## About this exercise
The answer must be an exact copy of the entries below, with no images in it.

Data records:
::::::::::
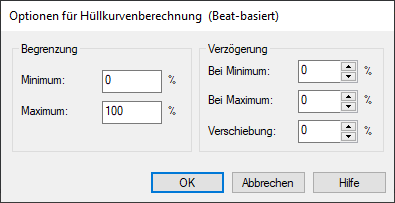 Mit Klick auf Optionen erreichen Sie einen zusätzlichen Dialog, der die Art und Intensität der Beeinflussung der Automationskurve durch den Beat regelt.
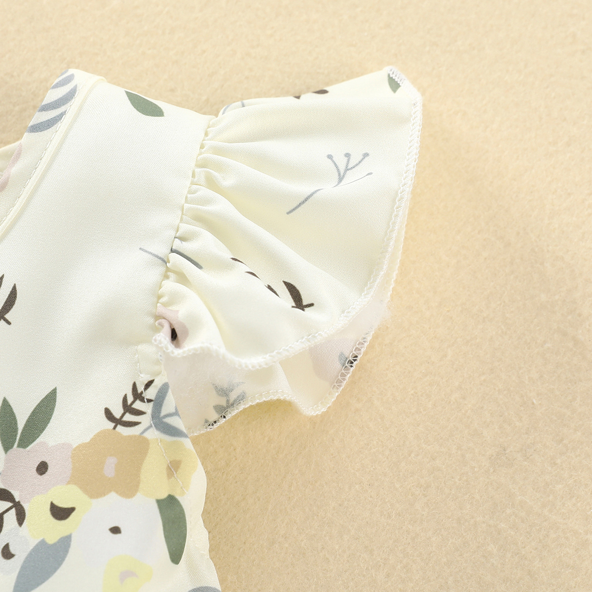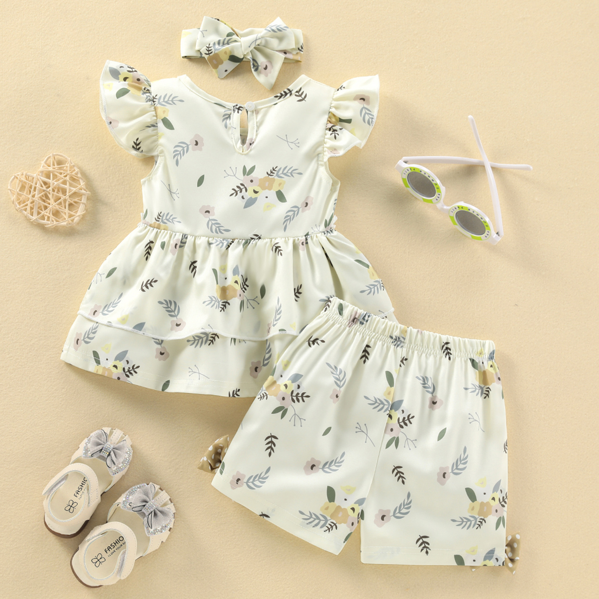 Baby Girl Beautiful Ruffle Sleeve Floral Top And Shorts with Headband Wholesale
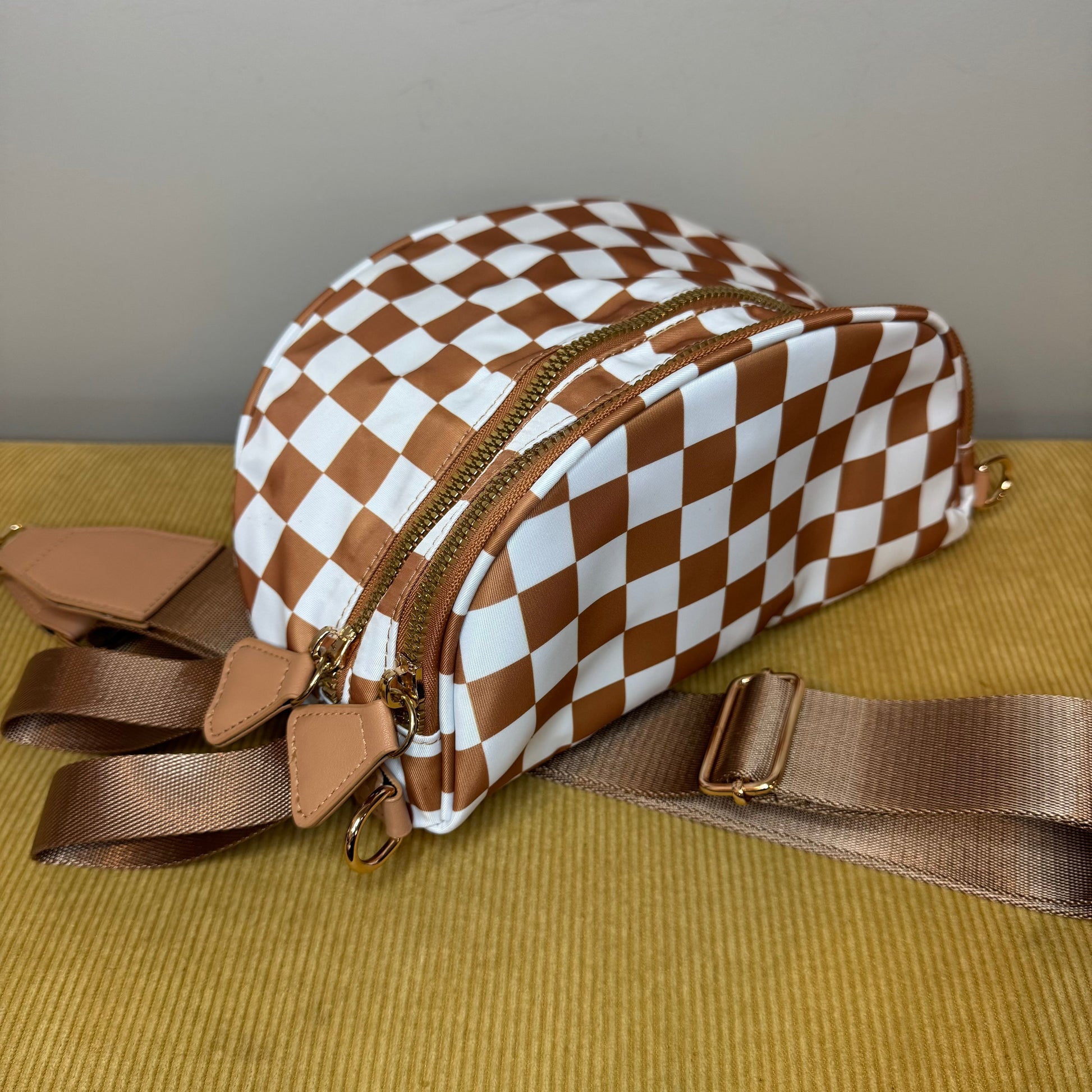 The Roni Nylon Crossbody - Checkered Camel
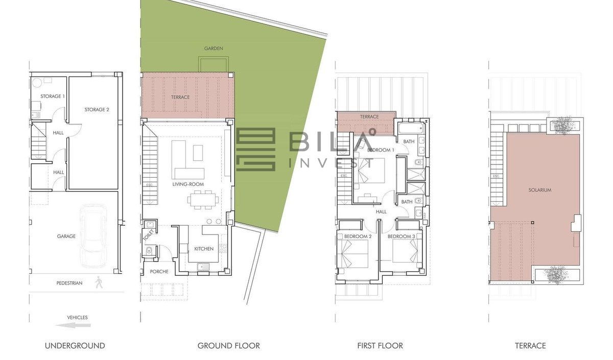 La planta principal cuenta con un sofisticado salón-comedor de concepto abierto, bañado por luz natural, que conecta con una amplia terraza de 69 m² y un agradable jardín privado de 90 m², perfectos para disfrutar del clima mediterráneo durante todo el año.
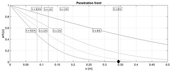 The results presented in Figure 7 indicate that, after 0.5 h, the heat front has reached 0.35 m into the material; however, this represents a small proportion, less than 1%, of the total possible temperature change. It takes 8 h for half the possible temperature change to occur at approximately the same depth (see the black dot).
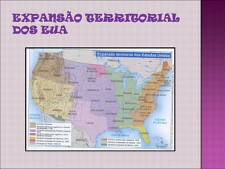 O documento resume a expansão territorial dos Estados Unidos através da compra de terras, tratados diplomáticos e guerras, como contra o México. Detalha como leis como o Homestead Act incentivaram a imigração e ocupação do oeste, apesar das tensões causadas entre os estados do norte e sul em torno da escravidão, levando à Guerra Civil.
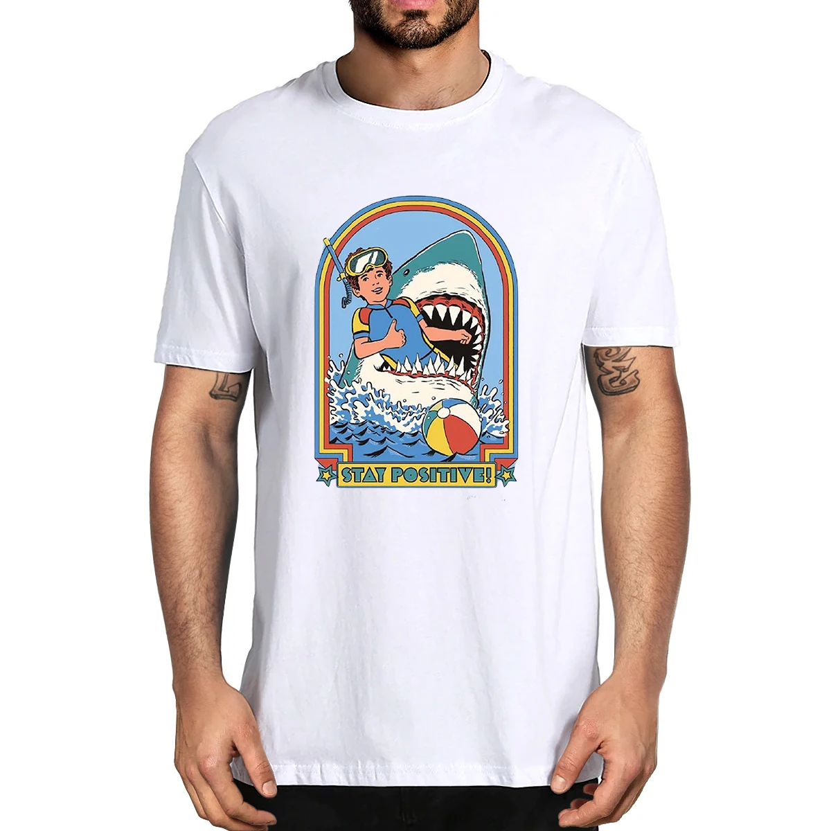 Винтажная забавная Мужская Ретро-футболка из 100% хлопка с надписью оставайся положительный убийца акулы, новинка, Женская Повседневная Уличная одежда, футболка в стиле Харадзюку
::::::::::
## Task output
 Mit Klick auf Optionen erreichen Sie einen zusätzlichen Dialog, der die Art und Intensität der Beeinflussung der Automationskurve durch den Beat regelt.
 Baby Girl Beautiful Ruffle Sleeve Floral Top And Shorts with Headband Wholesale
 The Roni Nylon Crossbody - Checkered Camel
 La planta principal cuenta con un sofisticado salón-comedor de concepto abierto, bañado por luz natural, que conecta con una amplia terraza de 69 m² y un agradable jardín privado de 90 m², perfectos para disfrutar del clima mediterráneo durante todo el año.
 The results presented in Figure 7 indicate that, after 0.5 h, the heat front has reached 0.35 m into the material; however, this represents a small proportion, less than 1%, of the total possible temperature change. It takes 8 h for half the possible temperature change to occur at approximately the same depth (see the black dot).
 O documento resume a expansão territorial dos Estados Unidos através da compra de terras, tratados diplomáticos e guerras, como contra o México. Detalha como leis como o Homestead Act incentivaram a imigração e ocupação do oeste, apesar das tensões causadas entre os estados do norte e sul em torno da escravidão, levando à Guerra Civil.
 Винтажная забавная Мужская Ретро-футболка из 100% хлопка с надписью оставайся положительный убийца акулы, новинка, Женская Повседневная Уличная одежда, футболка в стиле Харадзюку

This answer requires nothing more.